The treatment of PA varies from country to country and from area to area. A permanent cure for PA is lacking, although repletion of B12 should be expected to result in a cessation of anemia-related symptoms, a halt in neurological deterioration, and (in cases where neurological problems are not advanced) neurological recovery and a complete and permanent remission of all symptoms, so long as B12 is supplemented. Repletion of B12 can be accomplished in a variety of ways.

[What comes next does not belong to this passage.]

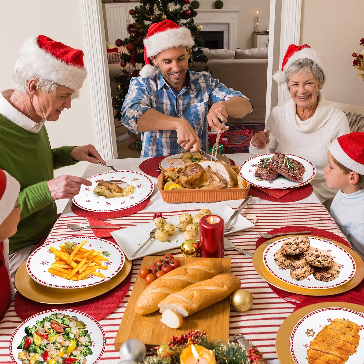 4 Set 10 Inch Christmas Dinner Plates Melamine Christmas Gingerbread Man Dinnerware Set Reusable Xmas Tree Gingerbread House Melamine Plate Dishwasher for Creatively Drop Resistant Cute Plastic Dish Add a touch of holiday charm to your table with our melamine Christmas dinner plate set. Featuring adorable gingerbread men, cozy gingerbread houses, and classic Christmas tree designs, these Xmas gingerbread party decorations bring festive cheer to every meal. Specifications: Material: Melamine Color: colorful Package Includes: 4 x 10-inch melamine Christmas dinner plates Each reusable Christmas holiday melamine plate is ideal for family gatherings, Christmas parties, gingerbread theme parties, and more, adding a touch of holiday charm to any table setting.

The most accessible and inexpensive method of repletion is through dietary supplementation, in the form of oral or sublingual B12 tablets. B12 supplements are widely available at supermarkets, health food stores, and drug stores, though quality and cost may vary. In some countries, the cobalamin preparation may be available only via prescription. Doctors can prescribe cobalamin tablets that contain doses higher than what is commercially available.

A 2003 study found oral and sublingual B12 were absorbed equally well in a group of patients with very low B12. In this study, 22% of the subjects who agreed to undergo the test (five of 23), had abnormal Schilling tests, but showed no difference in treatment levels from the other subjects. When oral tablets are used to treat PA, higher-than-normal doses may be needed. The efficacy of using high-dose B12 tablets to treat ordinary PA (i.e. anemia due to atrophic gastritis) is well established. Oral supplementation allows B12 to be absorbed in places other than the terminal ileum (where it usually takes place). A 2006 study found oral B12 repletion has the potential to be as effective as injections.

However, if oral or sublingual repletion is inadequate, the patient may require B12 injections, which are usually given once a month, bypassing the need for gastrointestinal absorption altogether. Eventually, the patient may be able to do this at home. Cobalamin (one of the forms of B12) is usually injected into the patient's muscle (intramuscular or IM) using cyanocobalamin (the United States, Canada and most European countries) or hydroxocobalamin (Australia and the U.K.). The injections will typically need to be given for the remainder of the patient's life. The frequency of injections varies by country and health care practitioner, and may be as infrequent as once every three months in some countries. The most common complaint by members of the Pernicious Anaemia Society is patients have different needs, with some patients needing more frequent injections than others. Some medical professionals believe subcutaneous injections are more effective than intramuscular injections, but the evidence for this is currently unclear.

The other methods of administering B12 include nasal sprays and behind-the-ear patches. One small study from 1997, with six participants, found intranasal delivery of B12 led to increases in plasma cobalamin as high as eight times a given patient's baseline measurement. Further investigation of these delivery methods is needed.